– Я не могу ждать. Мне нужно уехать прямо сейчас. Если я дам тебе это, отвезешь?
Кучер округлил глаза.
– Я бы с удовольствием, мисси, но мистер Бонанж велел мне отвезти сюда эти вещи и подождать его. Он будет с минуты на минуту, так что если вы только подождете…
Она вытащила еще один доллар.
– Пожалуйста… Мой брат умер в городе позавчера, а я еще не договорилась о его похоронах. Я просто обязана сделать это. Понимаешь?
Она протянула ему три доллара. Кучер ей явно не верил, ведь на ней не было траура. Он спустился на землю, взял у нее деньги и с ухмылкой спрятал в нагрудный карман.
– Думаю, я не могу оставить без внимания такую хорошенькую мисси, как вы, когда ей нужна помощь. Хорошо. Но сначала я должен разгрузить вещи, которые мистер Бонанж отослал со мной.
– Прекрасно, я тебе помогу.
Однако она была не готова к тому, что повозка забита огромным количеством коробок. Не обращая внимания на протесты кучера, она быстро вытаскивала коробки, легкие и тяжелые, и относила на парадную террасу.

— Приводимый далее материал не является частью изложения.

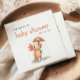These cute baby shower napkins feature a watercolor axolotl holding an umbrella in the rain, below the words "baby shower" in orange hand-printed font. Personalize the text with the name of the mom-to-be and the date in charcoal gray sans serif.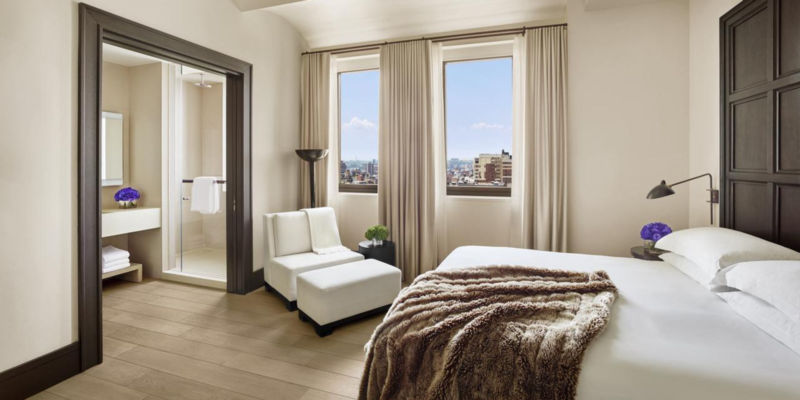 Светлые просторные номера оформлены в пастельных тонах с использованием современных природных материалов. Все номера оснащены большими окнами с потрясающим видом на город и украшены фотографиями Мелвина Сокольского.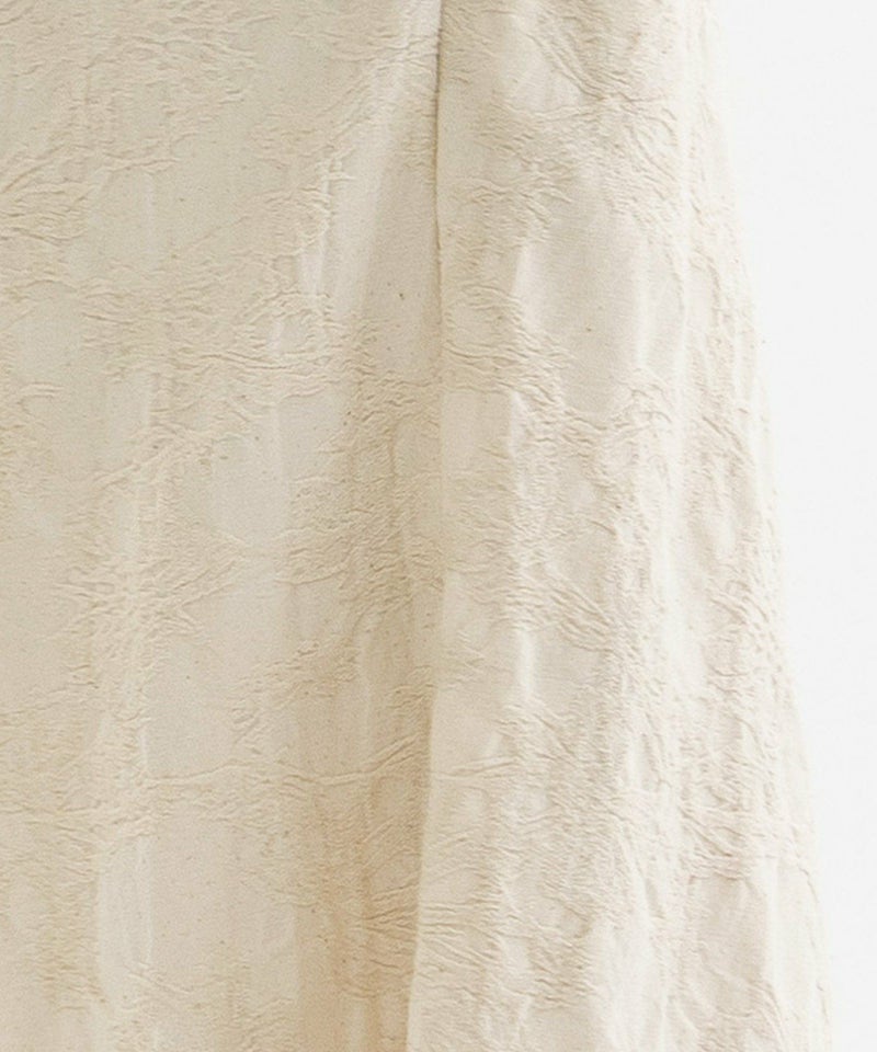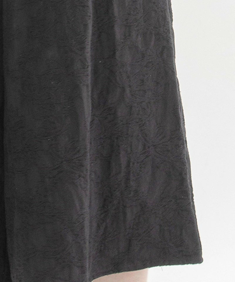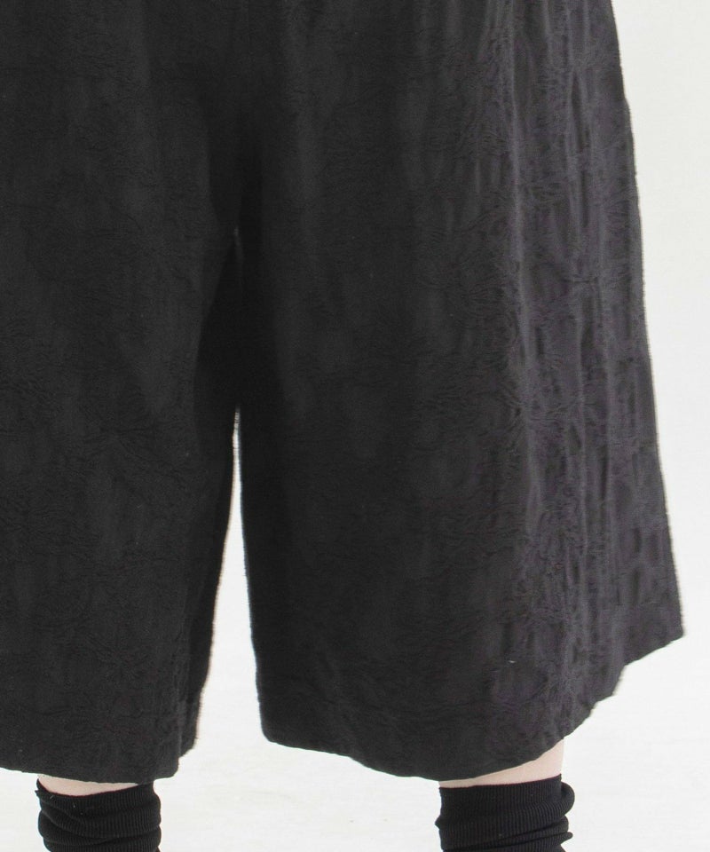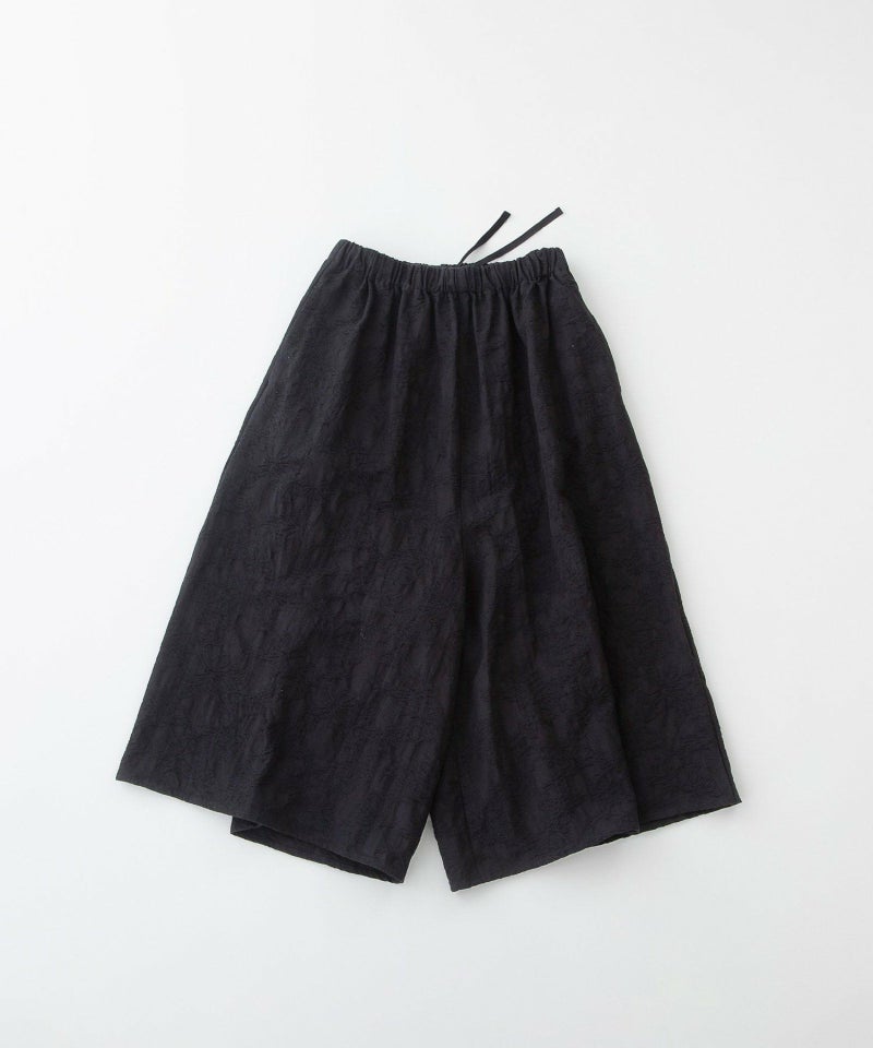 凹凸感のあるコットンリネンのジャカードで仕立てた、きちんと見えするガウチョパンツ。丈が短めすっきりと着られ、深い股がリラックス感もあるシルエットです。ウエストゴム仕様、両サイドにスカラップステッチ入りのポケット付き。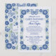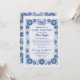 Cette invitation personnalisée pour une douche de cartes d'anniversaire est parfaite pour organiser une douche par courrier afin de célébrer un 50e anniversaire ou tout autre anniversaire marquant, invitant amis et famille à envoyer des cartes sincères à quelqu'un de spécial. Le design dessiné à la main présente une bordure florale dans le style Talavera rétro avec un cadre et un papillon en haut dans des tons bleus, entourant un centre personnalisable où vous pouvez modifier le nom, l'âge, les détails de la célébration, l'adresse postale, les informations de RSVP et les instructions pour l'envoi des cartes d'anniversaire. Le verso de l'invitation poursuit l'illustration florale coordonnée pour une finition cohérente et artistique. Idéal pour les célébrations de 40e, 50e, 60e, 70e ou 80e anniversaire, les surprises-parties, les hommages à distance et les projets de souvenirs, cette invitation personnalisée pour une douche de cartes d'anniversaire convient aux acheteurs à la recherche d'une invitation pour une douche de cartes pour un 50e anniversaire, une fête

– Я думаю, нам следует внести их в дом, мисси, – сказал возница, но она заявила, что у них нет на это времени.
Она как раз ухватила еще одну коробку, когда стук копыт заставил ее похолодеть.
– Здравствуйте, мистер Бонанж, – услышала она бодрый возглас кучера. – Рад, что вы все же вернулись до того, как мы уехали.
– Уехали?
Словно в оцепенении, она продолжала двигаться вперед. Слишком поздно! Она всегда чуть-чуть опаздывала, будь он проклят! Стараясь держаться спокойно, она поставила коробку и обернулась к своему тюремщику.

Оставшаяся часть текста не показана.